自然是不能拒绝的,她谦恭的低下头,敛了腰,回了声是。
相见争如不见,有情还似无情。
要去赴宴,自然就要见到安王永瑗,也要见着那个人。
安王永瑗呵,犹记得当初他俩无忧无虑的嬉笑玩闹、畅谈古今之时,她从来都是叫他的名字的,便是在人前,也时常如此。若她开口叫他安王,那他就知道,她是在拿那个名头挤兑他呢。现而今,他是皇上血亲,朝廷重臣,而她,则亦是皇帝的禁脔,皇帝的妃嫔,当时只道是寻常,再回首,却已是百年身。
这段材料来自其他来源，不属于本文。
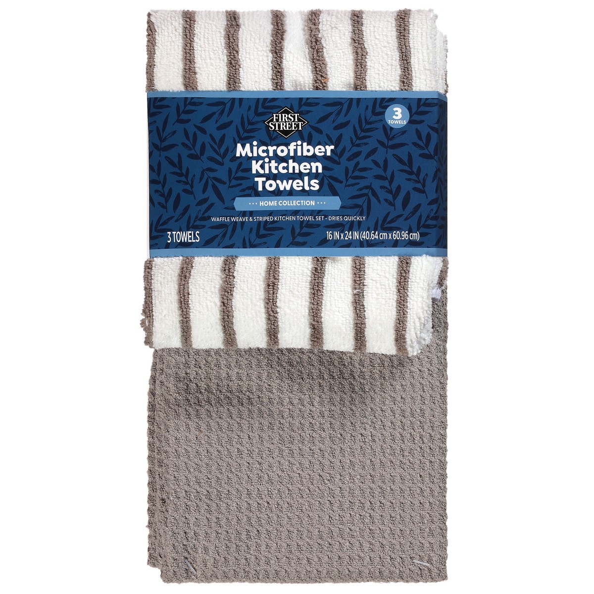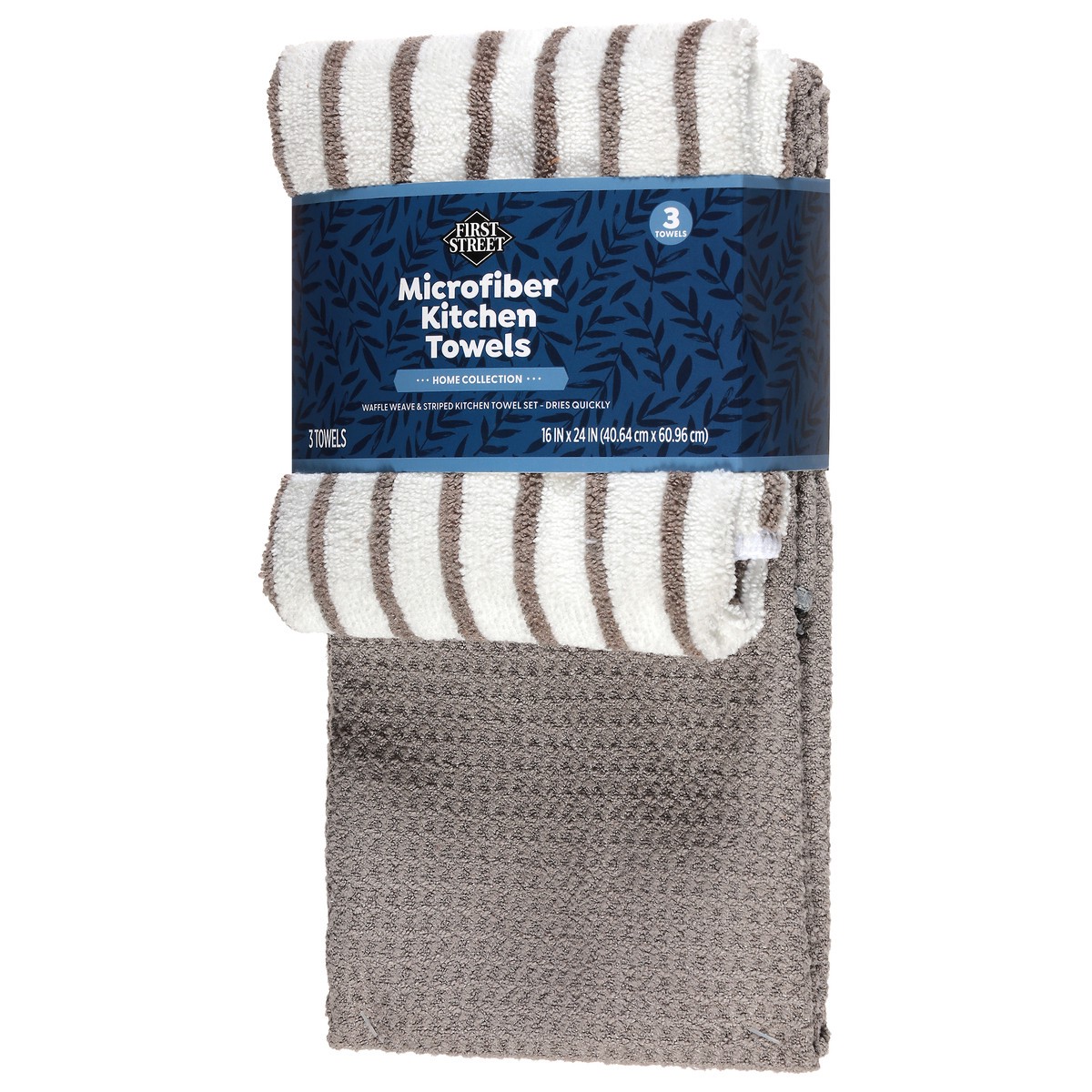Waffle weave & striped kitchen towel set - dries quickly. 16 in x 24 in (40.64 cm x 60.96 cm). Professional kitchenware collection. Heavyweight, longer lasting, dries faster, dusts & cleans with less …
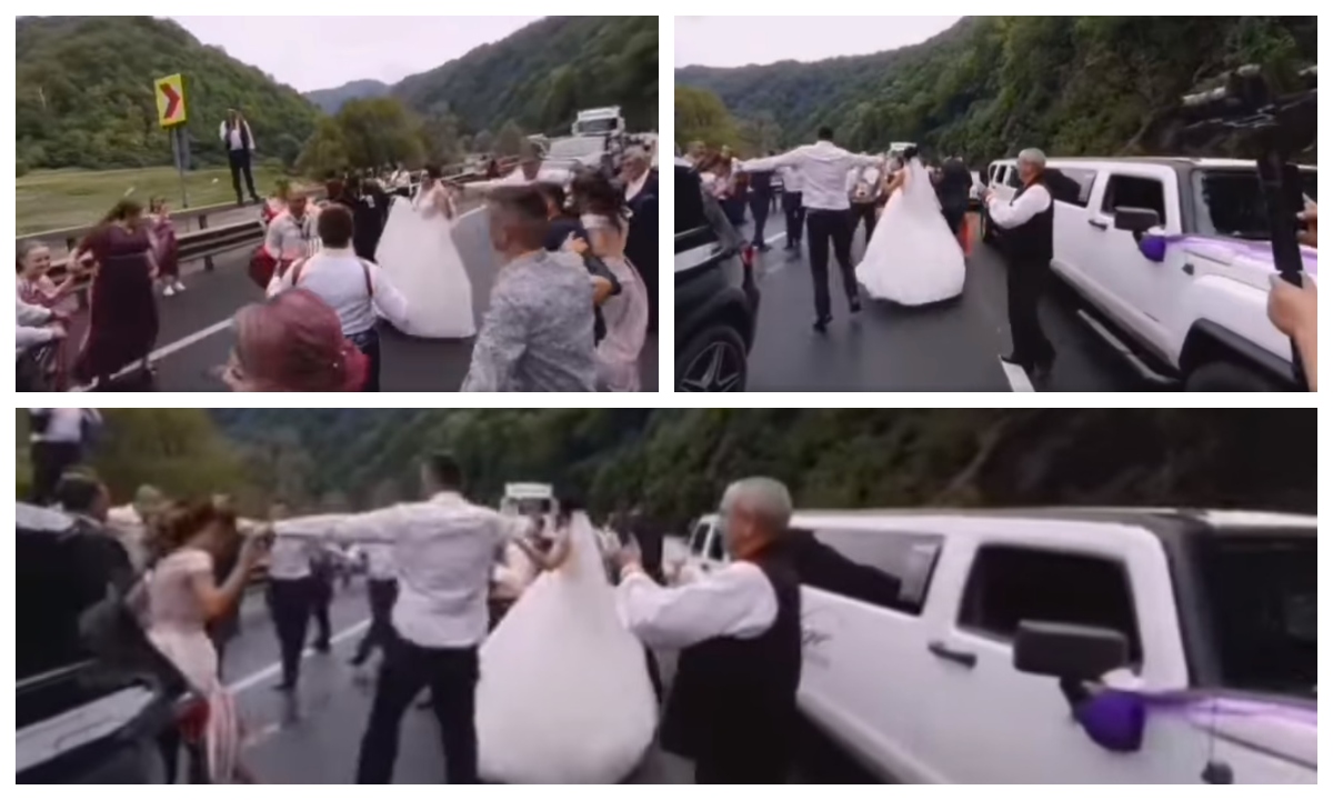 Cu mireasa în frunte au încins o sârbă printre mașini. Traficul a fost blocat din cauza aglomerației. Un cuplu de miri şi invitaţii lor au decis să nu mai piardă timpul şi să înceapă petrecerea de după cununia religioasă printre maşini pe Valea Oltului.
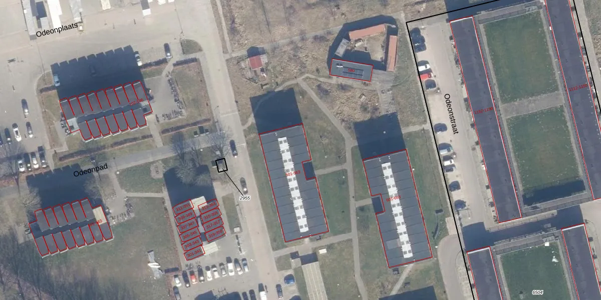 Odeonstraat 519 is gelegen op kadastraal perceel AMR04U6505. Deze kadastrale aanduiding is uniek en wordt gebruikt door het Kadaster om eigendomsrechten en andere zakelijke rechten vast te leggen. Het perceel maakt onderdeel uit van de kadastrale gemeente Almere.

见面只是徒增感伤而已,真真莫如不见。
而她与他,则已非争如不见,而是不能见,不可以见。
世界上最遥远的距离,不是生与死
而是我就站在你面前,你却不知道我爱你
当年的梅香浮动、冷月清辉中,她累积的长久的爱与恋从心的伤口中汩汩而出,疼痛难当,她以为,那就是疼痛的全部,爱的全部,殊不知:
世界上最遥远的距离,不是我就站在你面前
你却不知道我爱你,而是明明知道彼此相爱
却不能在一起
彼此相拥,彼此表白,心意虽已相通,但道路却仍然既阻且长,于是怀疑,于是迷惘,新的疼痛又来侵袭,腐心蚀胆,更加难熬。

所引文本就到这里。